Dataset content –
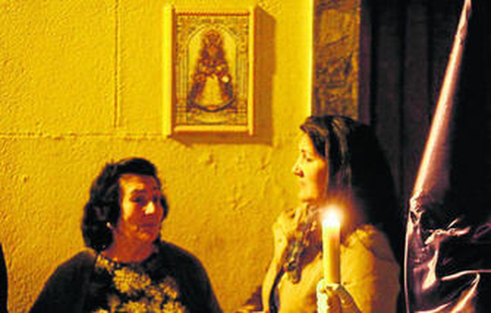 "Al golpe, al brazo. Al golpe, a tierra", fueron las instrucciones del capataz del paso del Nazareno para cumplir con la siempre difícil maniobra de salvar la puerta lateral de San Isidro. Justo a las nueve y cuarto, el Nazareno de la Villa, posado sobre un bello manto de lirios morados y cuatro esquineros con rosas rojas, hizo su aparición en la calle Santísima Trinidad. Tras la revirá, quedó dispuesto para esperar la salida de la Virgen. Y, mientras esperaba, la primera de las saetas de la noche -de un hombre- rompió en la Plaza de la Iglesia, donde se hizo un respetuoso silencio seguido de un aplauso.
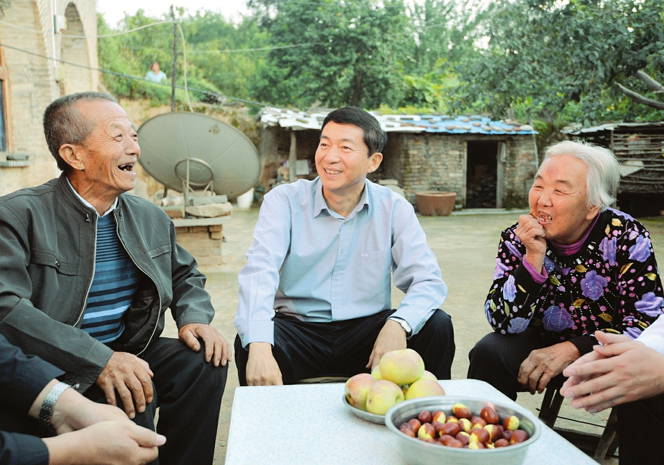 9月19日下午,臨縣林家坪鎮(zhèn)南圪垛村的一個(gè)農(nóng)家小院里,傳出陣陣舒心的笑聲,這是省委書記駱惠寧正在與貧困戶劉玉恩老兩口親切交談,詳細(xì)了解他們家因病致貧的情況,關(guān)切地詢問病情和具體困難。駱惠寧要求,要進(jìn)一步深化醫(yī)療衛(wèi)生體制改革,為解決因病致貧提供支撐。(本報(bào)記者 李聯(lián)軍 攝)
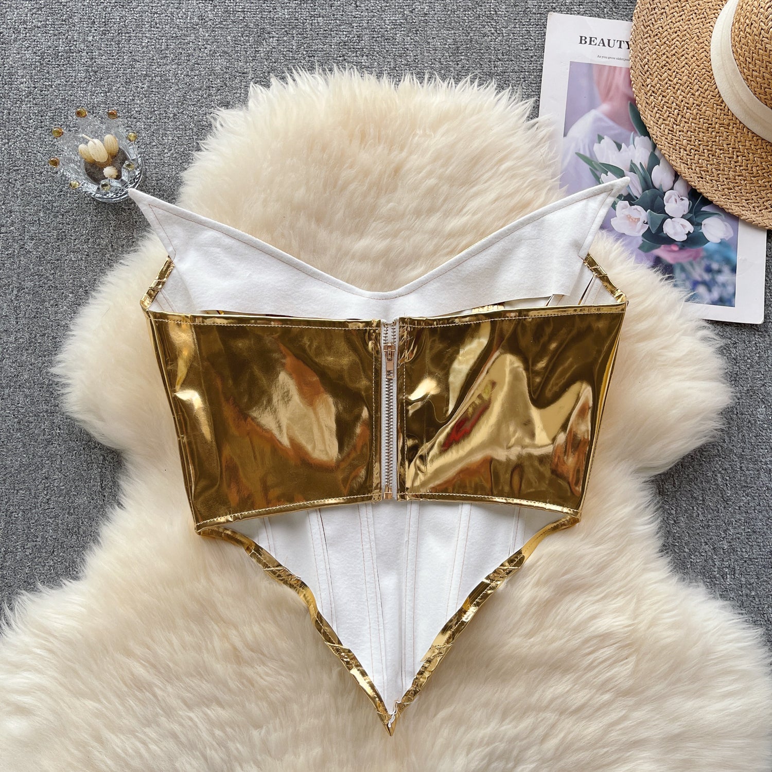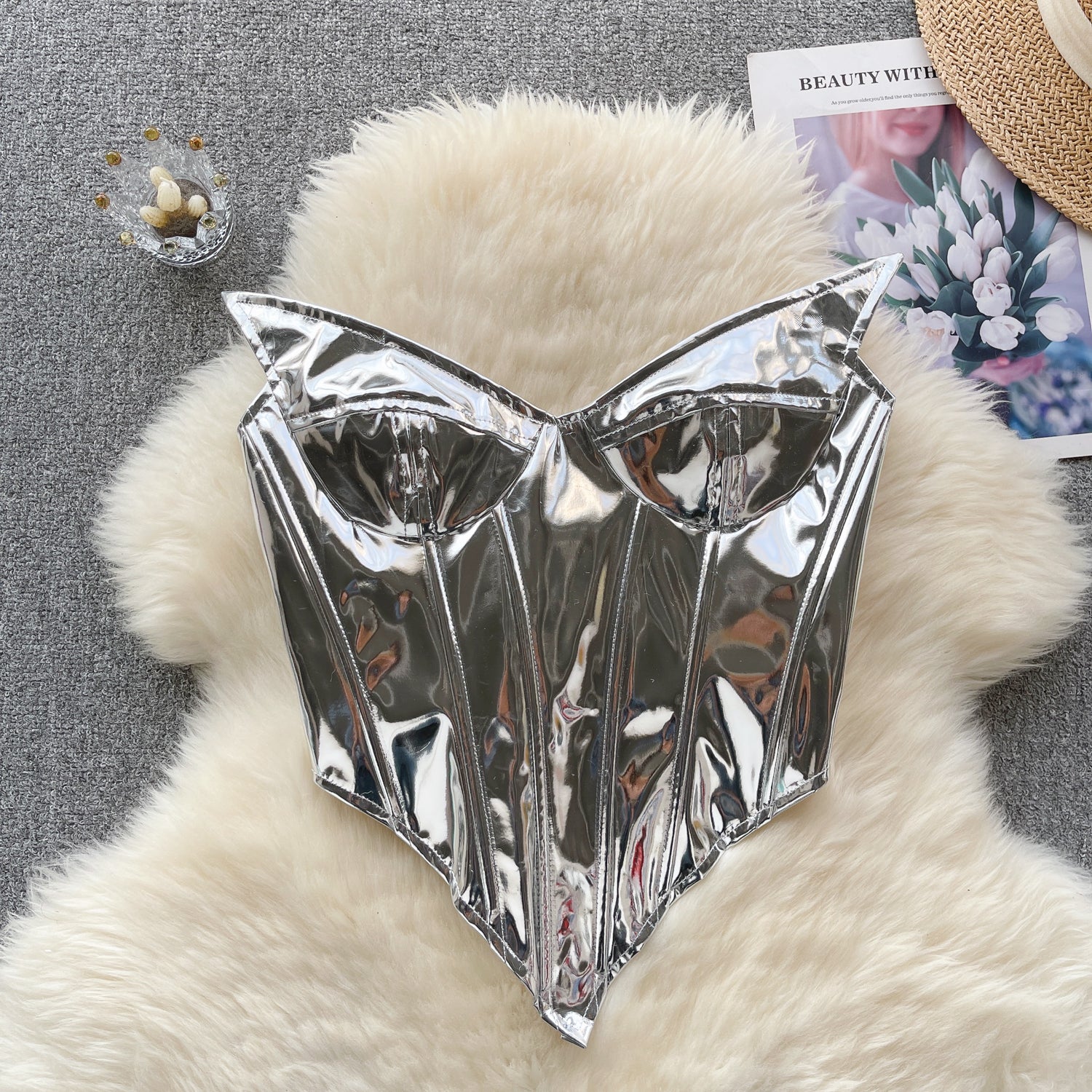 A structured metallic corset crafted from mirror-finish PU with a sculpted bustline and exaggerated angular hem. The fabric has a firm, molded hand feel—lightly flexible but not stretchy—creating a sharp, architectural silhouette that sculpts the torso. Soft interior lining provides comfort against the skin, while vertical seams with internal boning enhance shape and support.

Instructions to follow – Print out the material word for word, omitting the pictures.

Completed exercise –
 "Al golpe, al brazo. Al golpe, a tierra", fueron las instrucciones del capataz del paso del Nazareno para cumplir con la siempre difícil maniobra de salvar la puerta lateral de San Isidro. Justo a las nueve y cuarto, el Nazareno de la Villa, posado sobre un bello manto de lirios morados y cuatro esquineros con rosas rojas, hizo su aparición en la calle Santísima Trinidad. Tras la revirá, quedó dispuesto para esperar la salida de la Virgen. Y, mientras esperaba, la primera de las saetas de la noche -de un hombre- rompió en la Plaza de la Iglesia, donde se hizo un respetuoso silencio seguido de un aplauso.
 9月19日下午,臨縣林家坪鎮(zhèn)南圪垛村的一個(gè)農(nóng)家小院里,傳出陣陣舒心的笑聲,這是省委書記駱惠寧正在與貧困戶劉玉恩老兩口親切交談,詳細(xì)了解他們家因病致貧的情況,關(guān)切地詢問病情和具體困難。駱惠寧要求,要進(jìn)一步深化醫(yī)療衛(wèi)生體制改革,為解決因病致貧提供支撐。(本報(bào)記者 李聯(lián)軍 攝)
 A structured metallic corset crafted from mirror-finish PU with a sculpted bustline and exaggerated angular hem. The fabric has a firm, molded hand feel—lightly flexible but not stretchy—creating a sharp, architectural silhouette that sculpts the torso. Soft interior lining provides comfort against the skin, while vertical seams with internal boning enhance shape and support.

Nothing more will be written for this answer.